Task requirements: In the data below, find the line containing "Dostupan je novi"; transcribe it and each line after it exactly, through the last, skipping pictures.

Recorded information:
********************
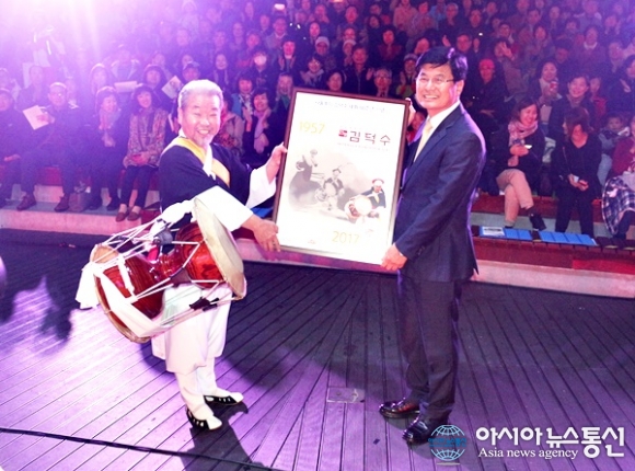 | 12일 세종시 호수공원 수상무대섬에서 열린 김덕수 사물놀이 공연에 앞서 지난 1957년 5살때 조치원 난장에서 ‘새미’역할로 데뷔해 올해로 데뷔 60주년을 맞이했다는 김덕수씨에게 이춘희 시장이 기념액자를 전달하고 있다./아시아뉴스통신=홍근진 기자 |
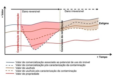 Para compreender a evolução do valor de um imóvel afetado por contaminação, é útil visualizar três fases:
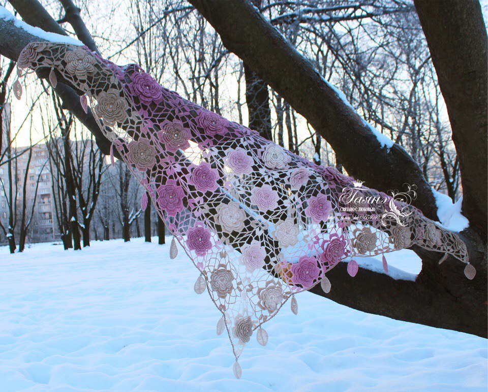 Шаль "Пепел розы" Пряжа кауни пинк-беж 8/1,примерный расход около 300гр(2 пасмочки) Размах 185х80см Крючок китайский №2 Декорирована металлической фурнитурой и листьями,обвязана по всему периметру рачьим шагом Авторская работа Дизайнер Манукян Гаянэ
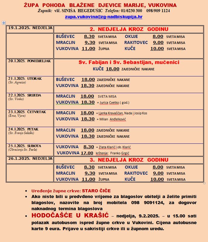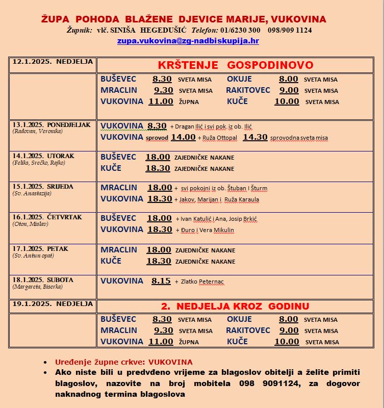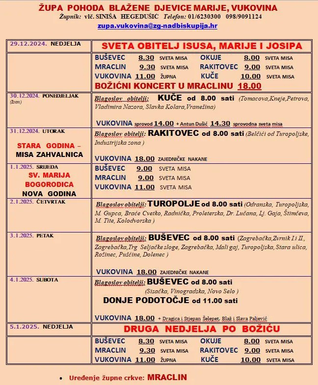 Dostupan je novi župni listić od 5. do 12 . siječnja 2025. s raspored svetih misa i pastoralnih događaja župe Vukovina. Župa PBDMzupa-pbd-marije.hr
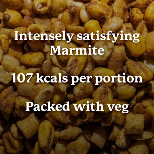 This Graze Crunch offers an intense savoury flavour experience featuring a unique combination of textures and satisfying crunch. It combines broad beans, roasted corn, and corn hoops, all coated in a distinct Marmite seasoning blend. Enjoy this flavourful bite that supports your nutritional goals without compromising taste.
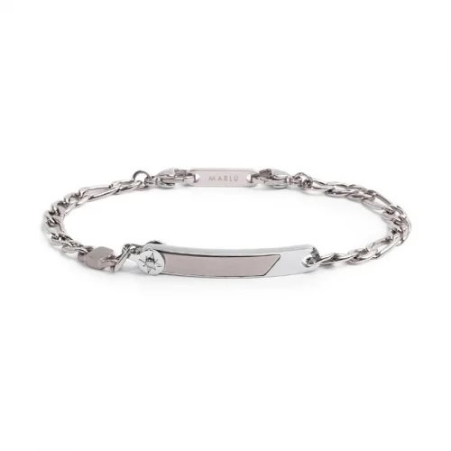 Bracciale catena della collezione Marlù Icons da uomo. Colore: argento. Il gioiello è in acciaio inossidabile 316L composto una catena figaro e una targa centrale con Rosa dei Venti. Chiusura a moschettone regolabile da 19 a 21 cm
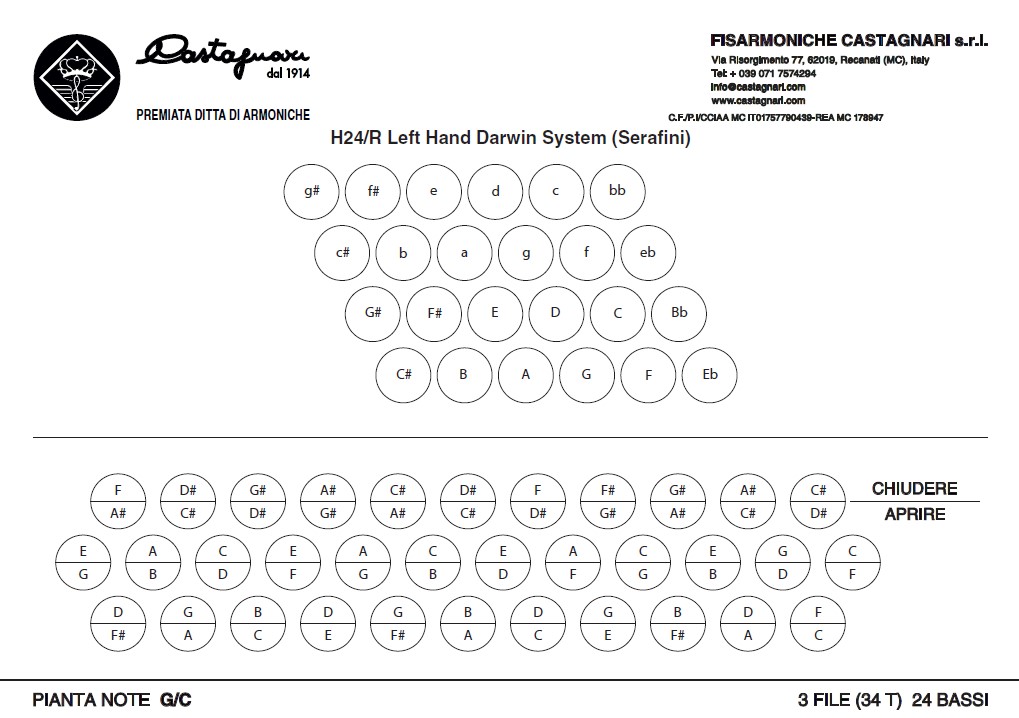 Diatonique 3 rangs, 34 touches, 2 voix main droite. Main gauche clavier Darwin 24 basses, 2 voix aux basses 2 aux accords, 4 registres Main gauche, 1 sur chaque voix.
********************
Answer to this exercise:
 Dostupan je novi župni listić od 5. do 12 . siječnja 2025. s raspored svetih misa i pastoralnih događaja župe Vukovina. Župa PBDMzupa-pbd-marije.hr
 This Graze Crunch offers an intense savoury flavour experience featuring a unique combination of textures and satisfying crunch. It combines broad beans, roasted corn, and corn hoops, all coated in a distinct Marmite seasoning blend. Enjoy this flavourful bite that supports your nutritional goals without compromising taste.
 Bracciale catena della collezione Marlù Icons da uomo. Colore: argento. Il gioiello è in acciaio inossidabile 316L composto una catena figaro e una targa centrale con Rosa dei Venti. Chiusura a moschettone regolabile da 19 a 21 cm
 Diatonique 3 rangs, 34 touches, 2 voix main droite. Main gauche clavier Darwin 24 basses, 2 voix aux basses 2 aux accords, 4 registres Main gauche, 1 sur chaque voix.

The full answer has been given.